> [TASK INSTRUCTIONS]:
Give the data below again exactly as written, without its pictures.

(DATASET EXTRACT begins)

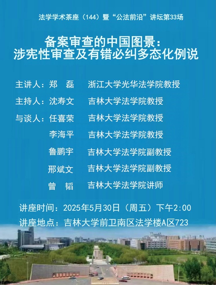 上一篇:中国社会科学院法学研究所赵磊教授做客台湾色情 法学学术茶座 下一篇:吉大法学学术茶座(143)暨“公法前沿”讲坛第32场:构建以合宪性审查为核心的宪法监督制度体系与理论体系
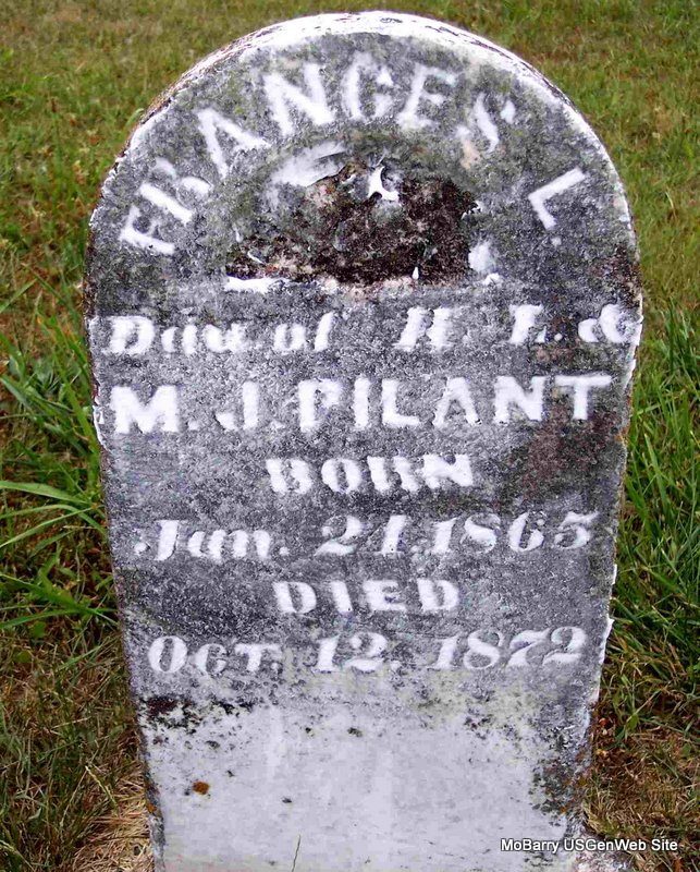 | PILANT, Frances Louisa | Jan. 21, 1865 | Oct. 12. 1872 | Inscription: "Dau. of H. L. and M. J." - Research Note: Daughter of Henderson Lewis Pilant and Martha Jane Mithorne. | Note Phyllis Long Photo Diana Cope |
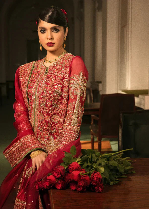 This hot pink front open jacket adorns overall embroidery in shades of green, pinks and mustard topped with hand embellishment along with green accents. Paired with contrasting green heavily embellished palazzo pants, and hot pink organza dupatta with sequin, pearl spray and chunky borders.
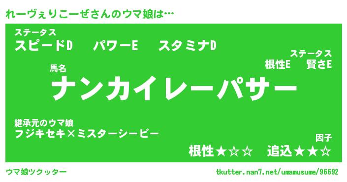 | ファンタジー風あだ名 | 『レーフェル』『ファントムレース』 |
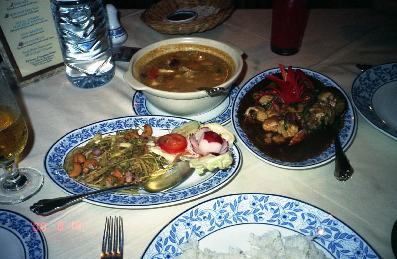 さて、18時半をまわった。20時には空港に向かうので、晩ごはんにしよう。ホテル内のタイ料理レストランへ。オープンしたばかりで、まだ客は誰もいなかった。さて、最後のごはんだ。何を食べようか。青パパイヤのサラダ、アヒル肉のレッドカレー、シーフードのチリ炒め、そしてもちろんビール、そしてスイカのフレッシュジュース。最初にエビせんのようなおつまみが出てくる。これが妙においしく、ばくばくと食べてしまう。エビせんがなくなったころ、料理が3品とも同時に出てきた。ますはシーフード炒め。辛いぞ。コクのあるチリソースと新鮮な魚介類、辛いがとてもおいしい。このソースだけでもごはんがたくさん食べられそうだ。
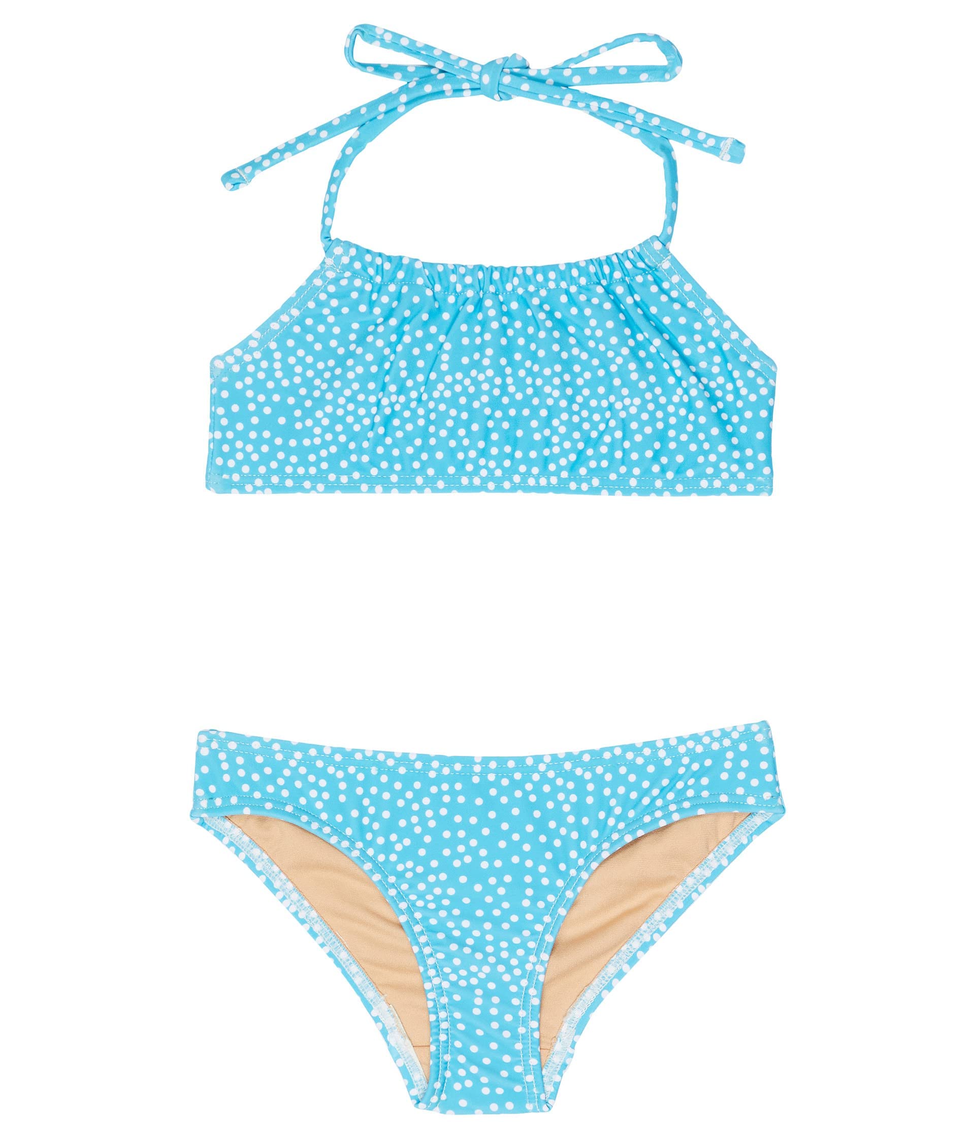 Dress up your little one in the adorable Toobydoo Fun Dots Bandeau Bikini and let them have fun in the pool. Full-lined. Bandeau top bikini with a halter tie around the neck. Allover eye-catching polka dot print. Hook-and-eye closure around the back. Full coverage bottom. Elasticized waistband for a snug fit. Pull-on style. Signature brand name rubber logo on the back. Shell: 80% nylon, 20% spandex;Lining: 92% polyester, 8% spandex. Machine washable. Imported.
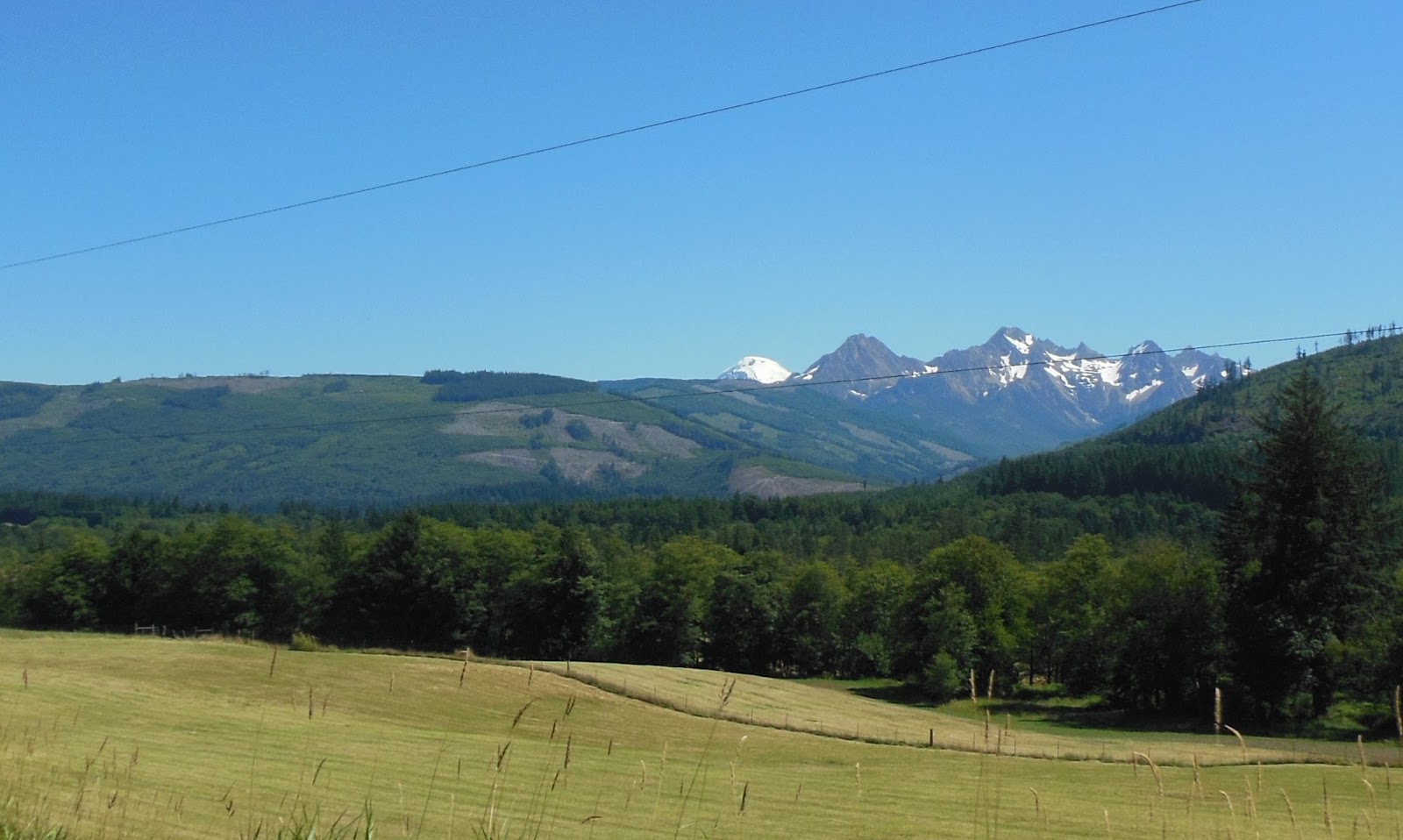 Mt Baker peeking out from behind the closer ridge.

(DATASET EXTRACT ends)

> [TASK ANSWER]:
 上一篇:中国社会科学院法学研究所赵磊教授做客台湾色情 法学学术茶座 下一篇:吉大法学学术茶座(143)暨“公法前沿”讲坛第32场:构建以合宪性审查为核心的宪法监督制度体系与理论体系
 | PILANT, Frances Louisa | Jan. 21, 1865 | Oct. 12. 1872 | Inscription: "Dau. of H. L. and M. J." - Research Note: Daughter of Henderson Lewis Pilant and Martha Jane Mithorne. | Note Phyllis Long Photo Diana Cope |
 This hot pink front open jacket adorns overall embroidery in shades of green, pinks and mustard topped with hand embellishment along with green accents. Paired with contrasting green heavily embellished palazzo pants, and hot pink organza dupatta with sequin, pearl spray and chunky borders.
 | ファンタジー風あだ名 | 『レーフェル』『ファントムレース』 |
 さて、18時半をまわった。20時には空港に向かうので、晩ごはんにしよう。ホテル内のタイ料理レストランへ。オープンしたばかりで、まだ客は誰もいなかった。さて、最後のごはんだ。何を食べようか。青パパイヤのサラダ、アヒル肉のレッドカレー、シーフードのチリ炒め、そしてもちろんビール、そしてスイカのフレッシュジュース。最初にエビせんのようなおつまみが出てくる。これが妙においしく、ばくばくと食べてしまう。エビせんがなくなったころ、料理が3品とも同時に出てきた。ますはシーフード炒め。辛いぞ。コクのあるチリソースと新鮮な魚介類、辛いがとてもおいしい。このソースだけでもごはんがたくさん食べられそうだ。
 Dress up your little one in the adorable Toobydoo Fun Dots Bandeau Bikini and let them have fun in the pool. Full-lined. Bandeau top bikini with a halter tie around the neck. Allover eye-catching polka dot print. Hook-and-eye closure around the back. Full coverage bottom. Elasticized waistband for a snug fit. Pull-on style. Signature brand name rubber logo on the back. Shell: 80% nylon, 20% spandex;Lining: 92% polyester, 8% spandex. Machine washable. Imported.
 Mt Baker peeking out from behind the closer ridge.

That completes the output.